Слезкин никогда об этом не задумывался. Романтика пограничной службы так захватила его, что не оставалось времени на подобные размышления. В первые дни службы он трусил — это верно. Но даже и тогда он серьезно не задумывался о смерти. Никак не верилось, что он может погибнуть. Смерть если и представлялась иной раз, то обязательно в открытом бою, с оружием в руках, рядом с товарищами. И, конечно, уж не в таком холодном подвале.
Сколько же прошло времени, как он попал в плен? Час? День? Два? От жажды потрескались губы. Когда его спасут, он выпьет целое ведро. Но спасут ли? От этой мысли сжалось сердце. Боль свела поясницу, руки, плечи, сжала тисками голову. Кажется, даже мысль рождается с пронизывающей болью.
Наверху послышались шаркающие шаги. Звякнул замок.
В подвал спустились два японца. При свете «летучей мыши» они показались Слезкину удивительно уродливыми.
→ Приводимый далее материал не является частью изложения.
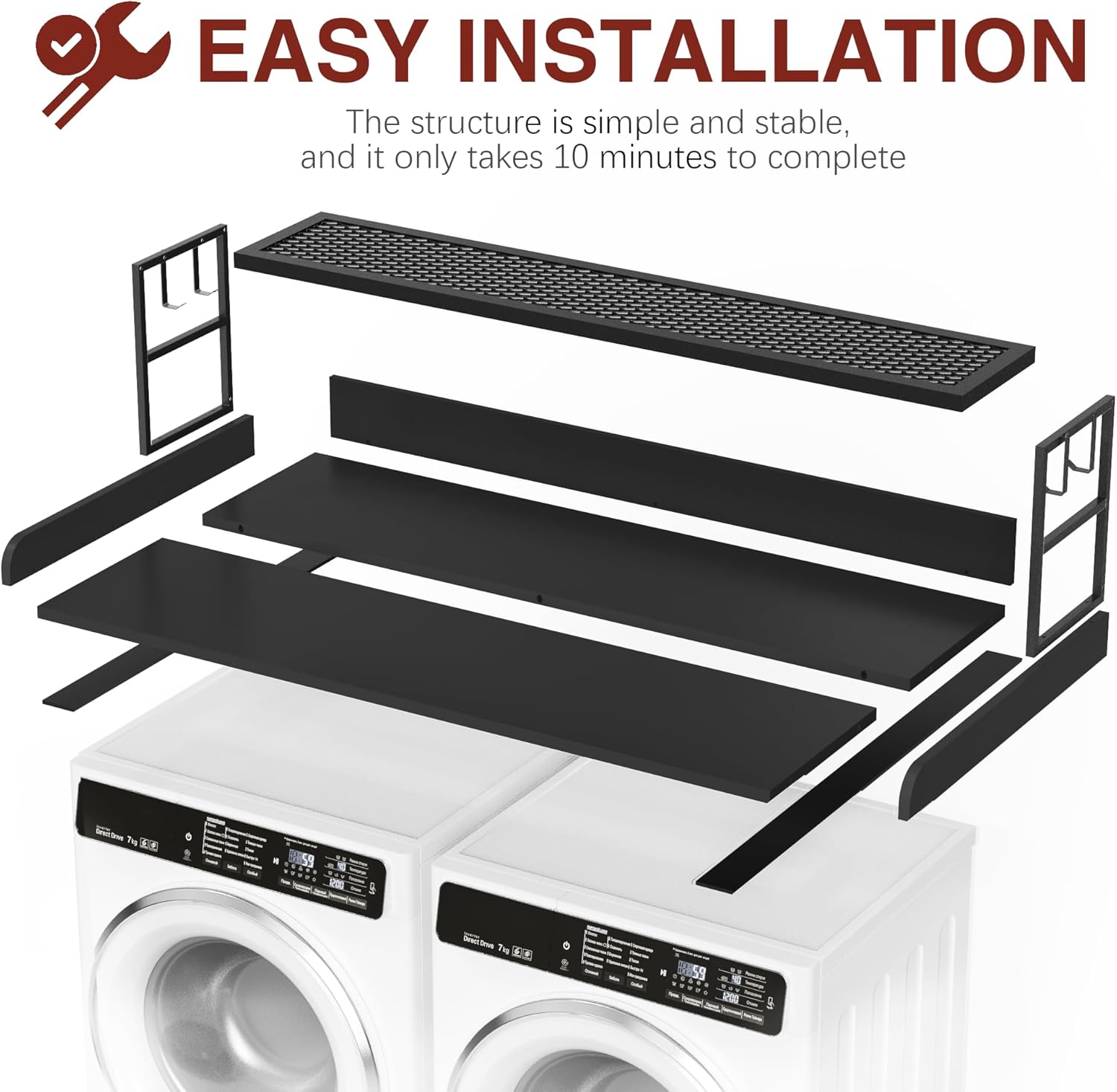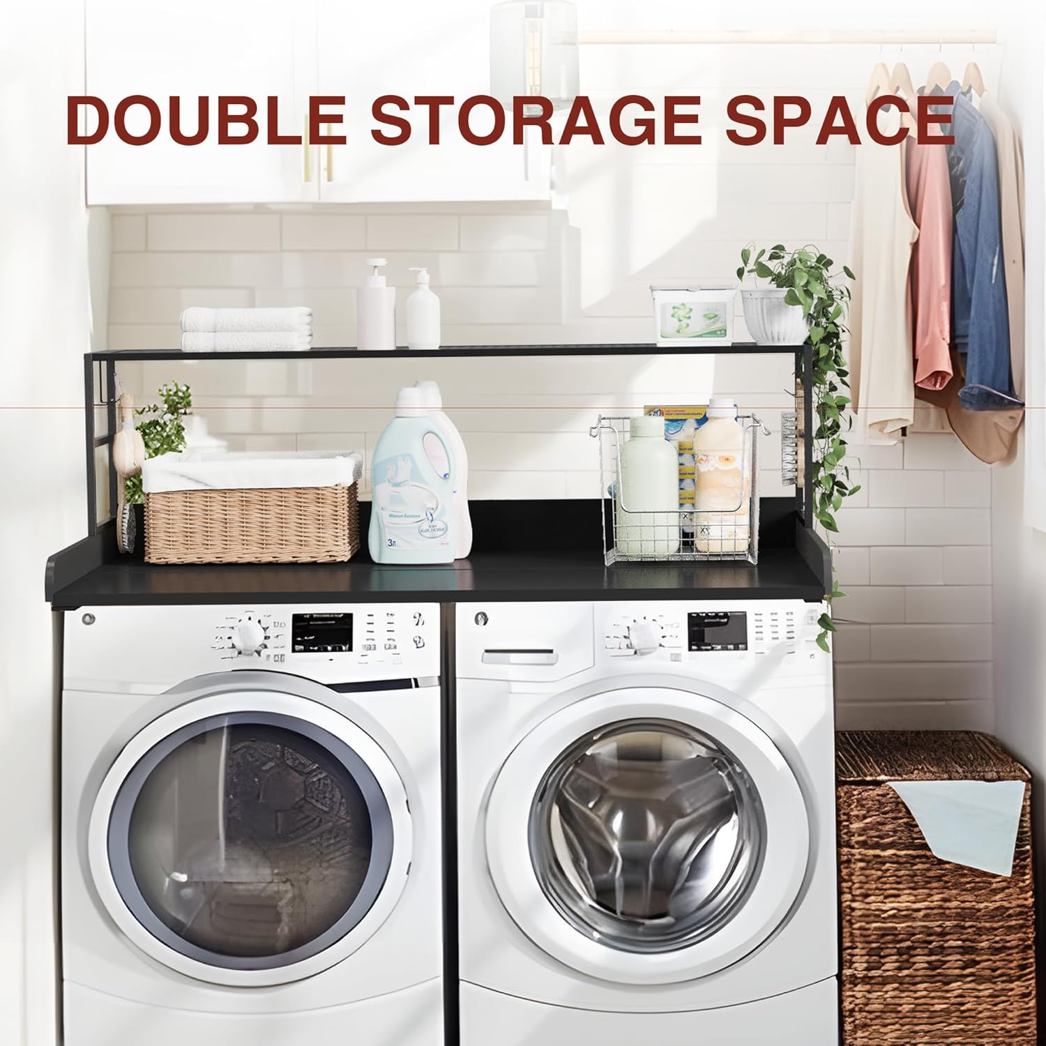 Efficient Storage solution: Our washer dryer countertop comes with addtional shelf for more storage space. Four hooks also provide hanging storage. The multifuntional countertop with shelf could be as a platform and organizer for your washer and dryer top. The countertop could help you to make reasonable use of the ineffective space above the washing machine. Making your life easier, cleaer and more convenient.
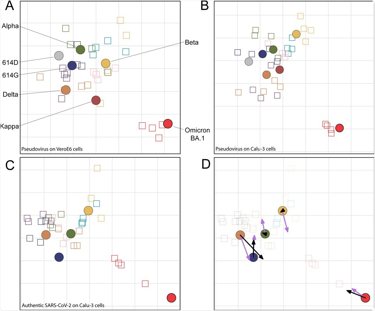 Antigenic maps Comparing neutralizations with SARS-CoV-2 pseudoviruses and authentic SARS-CoV-2.
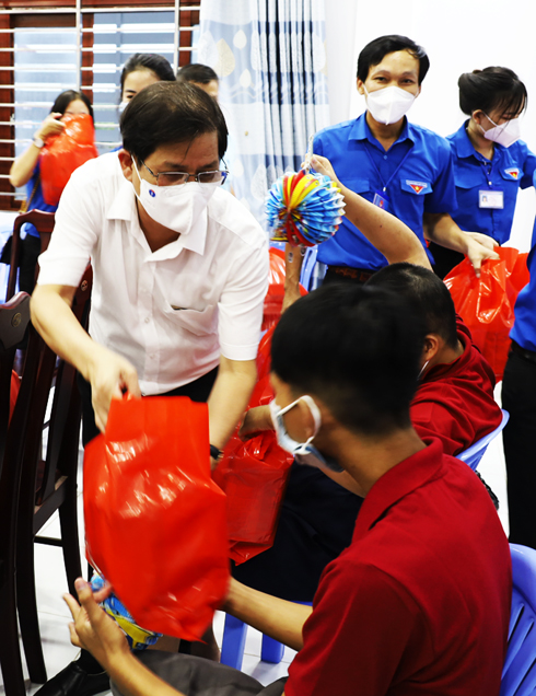 Chiều 17-9, ông Nguyễn Tấn Tuân cùng lãnh đạo Tỉnh đoàn đến thăm, động viên và trao quà cho các em nhỏ tại Mái ấm Anh Đào, Trung tâm Bảo trợ xã hội và công tác xã hội thị xã Ninh Hòa nhân dịp Tết Trung thu.
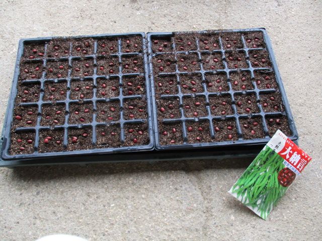 ほぼ毎年、小豆を育てています。年末の餅のあんこにするためです。25穴の育苗トレイ2枚、つまり50穴に種子を3粒ずつまきました。このあとは覆土をして、雨がかかる庭先に置いておきます。
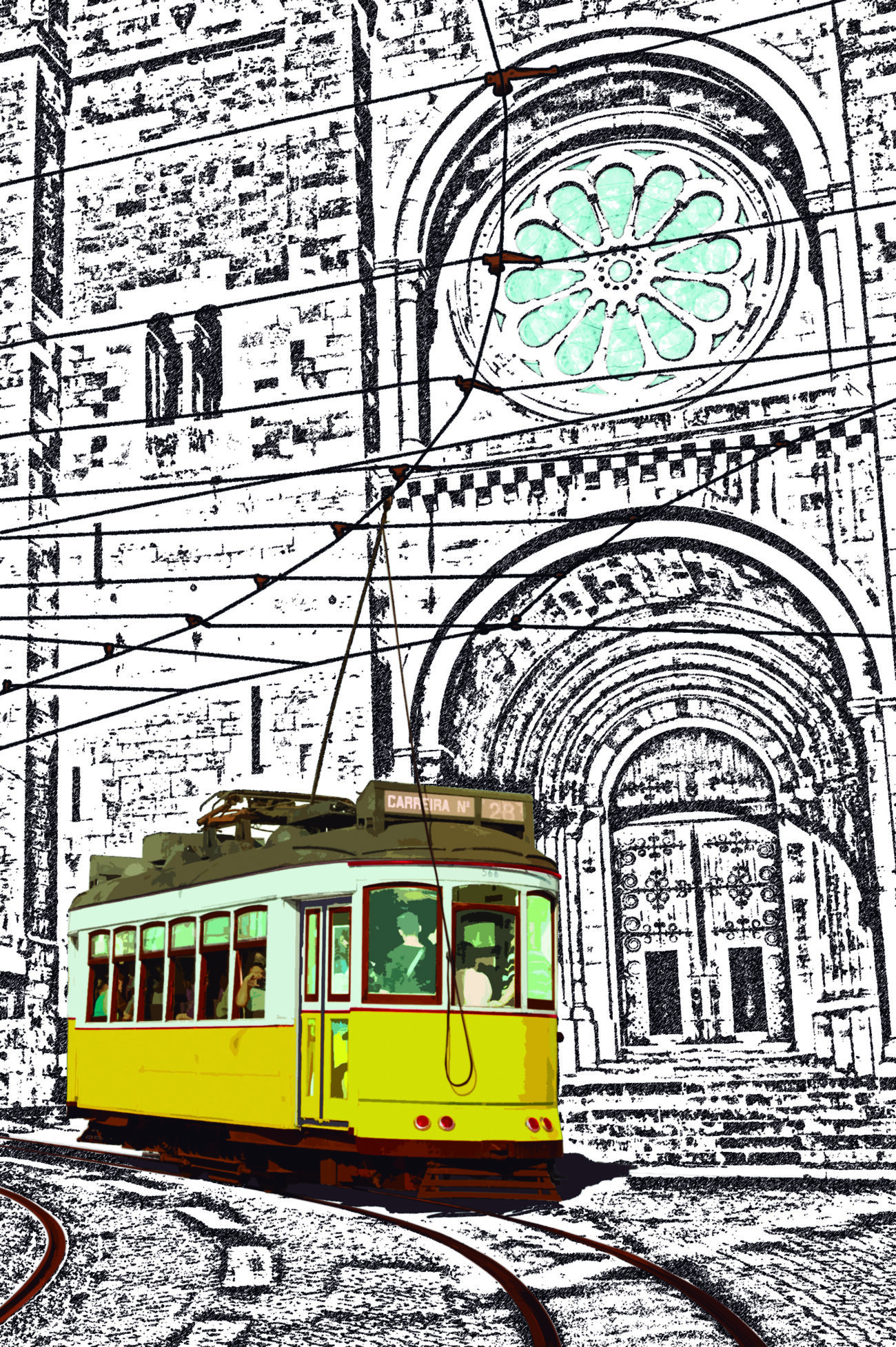 photography is the basic technique, the theme includes iconic elements of lisbon, with the application of digital processes to the original photographs with a POP aesthetic, tram 28 with the sé catedral of lisbon behind
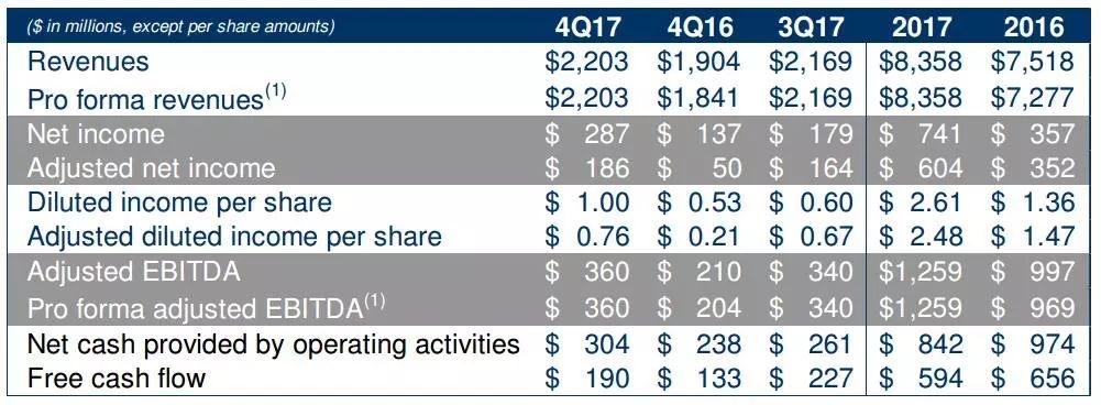 2月23日,亨斯迈(Huntsman)公布了2017年度财报。全年实现销售额为83.58亿美元,同比增长10.05%;净利润为7.41亿美元,同比增长51.82%;调整后的EBITDA为12.59亿美元,同比增长47.90%。经营活动提供的现金净额为8.42亿美元,上年为9.74亿美元。产生自由现金流5.94亿美元,上年为6.56亿美元。
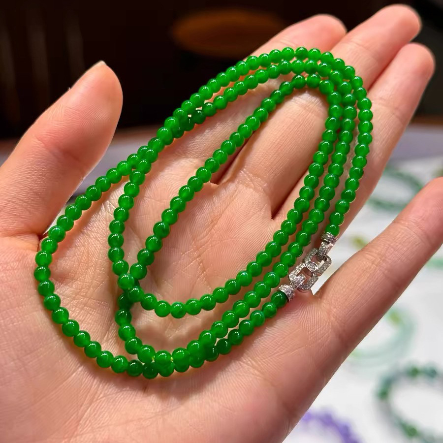 Home Necklace Natural Myanmar ice seed, Yang green jade, Xiaomi bead necklace, bracelet, A-shares, full color, Xiaomi bead necklace, star style, same item
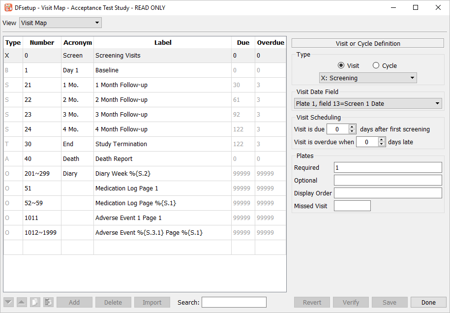 Select > to open the Visit Map editor. Visually confirm that the expected contents are displayed. Click to close the editor.
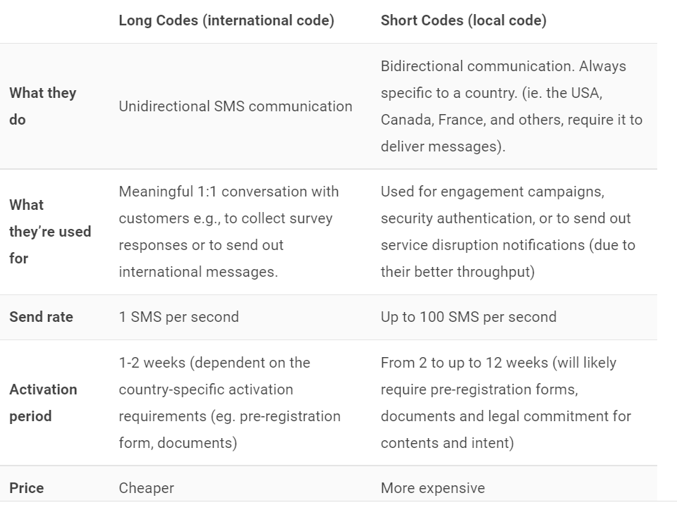 What do ‘long code’ and ‘short code’ mean? Here’s a comparison table, followed by a lengthy explanation:
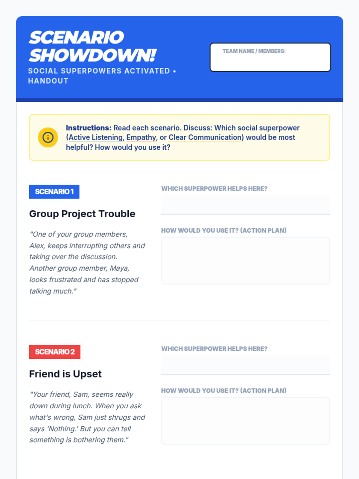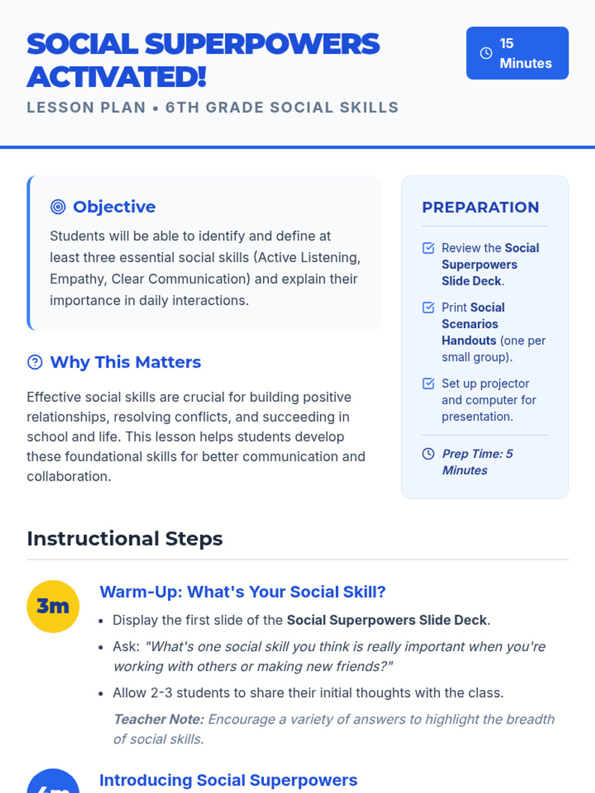 A 15-minute Tier 1 lesson for 6th graders to identify and practice essential social skills (Active Listening, Empathy, and Clear Communication) through a superhero-themed lens.
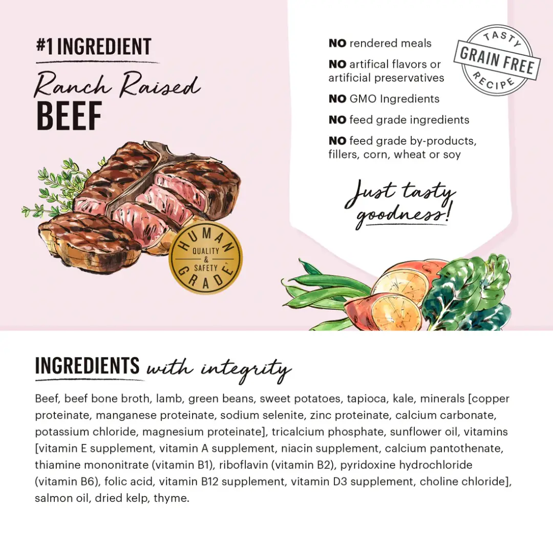 Beef, beef bone broth, lamb, green beans, sweet potatoes, tapioca, kale, minerals [copper proteinate, manganese proteinate, sodium selenite, zinc proteinate, calcium carbonate, potassium chloride, magnesium proteinate], tricalcium phosphate, sunflower oil, vitamins [vitamin E supplement, vitamin A supplement, niacin supplement, calcium pantothenate, thiamine mononitrate (vitamin B1), riboflavin (vitamin B2), pyridoxine hydrochloride (vitamin B6), folic acid, vitamin B12 supplement, vitamin D3 supplement, choline chloride], salmon oil, dried kelp, thyme.
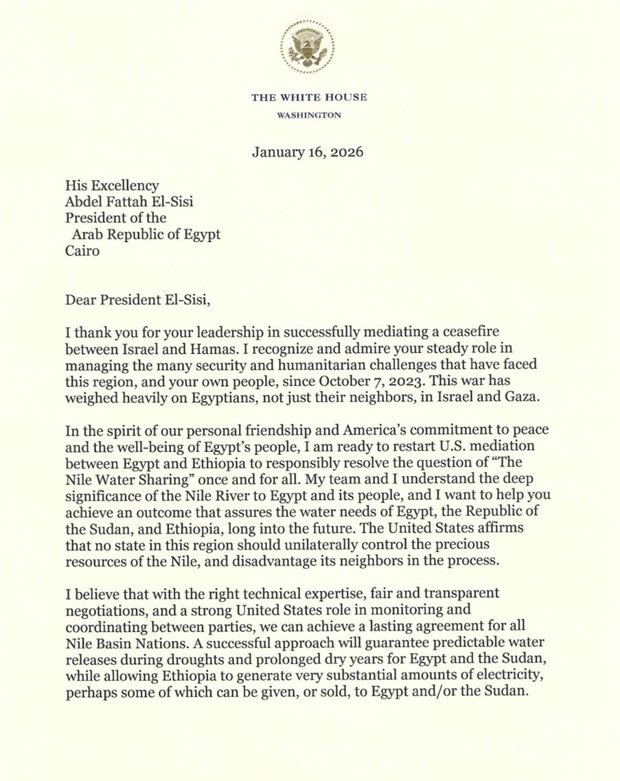 Iyadoo la tixraacayo saaxiibtinnimadeenna shaqsiyadeed iyo ballanqaadka Maraykanka ee nabadda iyo daryeelka wanaagga shacabka Masar, waxaan diyaar u ahay inaan dib u bilaabo dhexdhexaadinta Mareykanka ee u dhexeysa Masar iyo Itoobiya si si masuuliyad leh loogu xalliyo arrinta “Qaybsiga Biyaha Niilka” hal mar iyo gebi ahaanba. Aniga iyo kooxdaydu waxaan si qoto dheer u fahamsanahay muhiimadda weyn ee Webiga Niil u leeyahay Masar iyo dadkeeda, waxaanan doonayaa inaan kaa caawiyo inaad gaarto natiijo hubinaysa baahida biyaha ee Masar, Jamhuuriyadda Suudaan, iyo Itoobiya mustaqbalka fog. Mareykanku wuxuu xaqiijinayaa in aysan jirin dowlad ku taalla gobolkan oo si keligeed ah u xakameyn karta kheyraadka qaali ah ee Niilka, iyadoo dhibaato u geysanaysa deriskeeda inta lagu jiro geeddi-socodkaas.
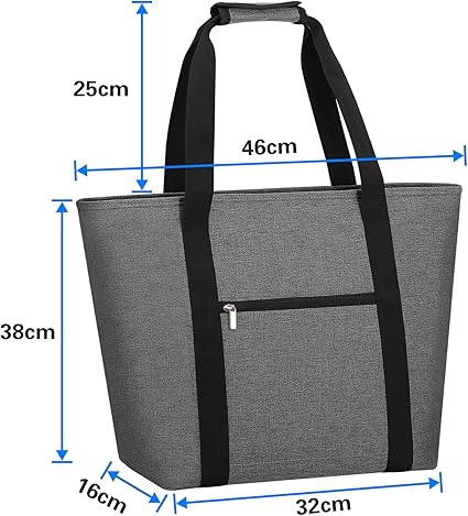 ・【製品スペック】トートバッグサイズ:上辺46cm * 下辺32cm * 高さ38cm * マチ16cm / 持ち手の高さ:25cm / 対象:男女兼用 / カラー:ブラック、グレー。エコバッグ、買い物バッグ 、保冷バッグ 、ランチバッグ として使用できます。
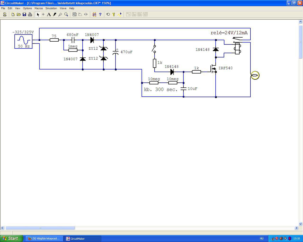 Ez ha jól tudom egy impulzus után, bizonyos beállított idő múlva kapcsolja le a fogyasztót. Nekem az kellene, ha a kapcsolóval lekapcsolom a lámpát, akkor az még világítson egy kis ideig.
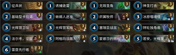 镜像对局双方也是镜像开局,都在1费延迟征兵令2费召唤2个衍生物。不过玄月使用了炽翼牧师,用己方的衍生物白吃了对方的衍生物,在攻击频率上取得了较大的优势。随后双方互换场面,直到紫小龙用一波雷霆扫荡基本解光了对手的场面。因为玄月摸到了2个无暇圣角,多以有比较大的卡差优势。很快紫小龙进入了抽一打一模式,并很快倒在玄月的质量生物下。
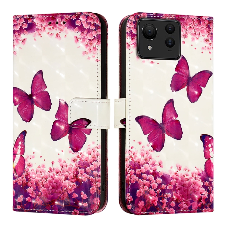 Funda para Asus Zenfone 11 Ultra de Cuero con Tapa Horizontal y Pintura 3D (Mariposa Rosa)
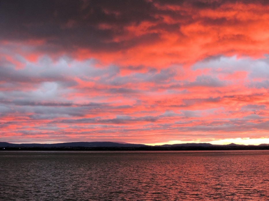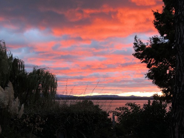 Coucher de soleil sur le lac Trasimène. Juste en face de notre jardin. Dimanche 17 janvier 2016 – 16:54
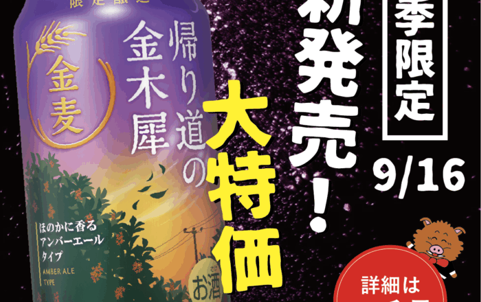 今年もあの季節がやってきました。キンモクセイの甘く爽やかな香りが風に乗り、家路につく時間を特別にしてくれる。そんな幸せな瞬間を表現した「金麦〈帰り道の金木犀〉」が、酒のスーパーやまもと各店舗で販売を開始いたしました!

Японец поднял фонарь. На противоположной стене появилась тень, похожая на огромного головастика. Слезкин пошевелился, под ним зашуршала солома. Самурай в испуге отпрянул, чуть не уронив фонарь. Тень взметнулась вверх, со стены на потолок. Свет упал на землю.
Державший фонарь что-то прокартавил и кивнул на выход. Слезкин поднялся, но устоять не смог. Тогда солдаты подхватили его под руки и поволокли по лестнице.
В комнате, куда затащили Слезкина, тоже было не очень светло. Небольшая керосиновая лампа с закопченным стеклом еле-еле светила. Костя увидел в кресле японского майора, чуть поодаль — пожилого белогвардейца.
Офицер улыбался. Его узенькие глазки и особенно растянутые губы, не прикрывавшие ряда пожелтевших, кривых зубов, выражали ехидство и вместе какое-то заискивание.
Костя не удивился. Он не раз слышал, что на земле нет более коварного и подлого неприятеля, чем самурай. Так может улыбаться только он.
— Садитесь! — предложил японец.
«Начинается…» — подумал Слезкин. Как ни больно ему было, но он продолжал стоять. В дело вступил переводчик.
— Господин японский майор спрашивает, как себя чувствует советский солдат?
Костя промолчал. Он еще не решил, как следует вести себя в этой обстановке.
— Господин японский майор интересуется, как вы себя чувствуете? — повторил белогвардеец.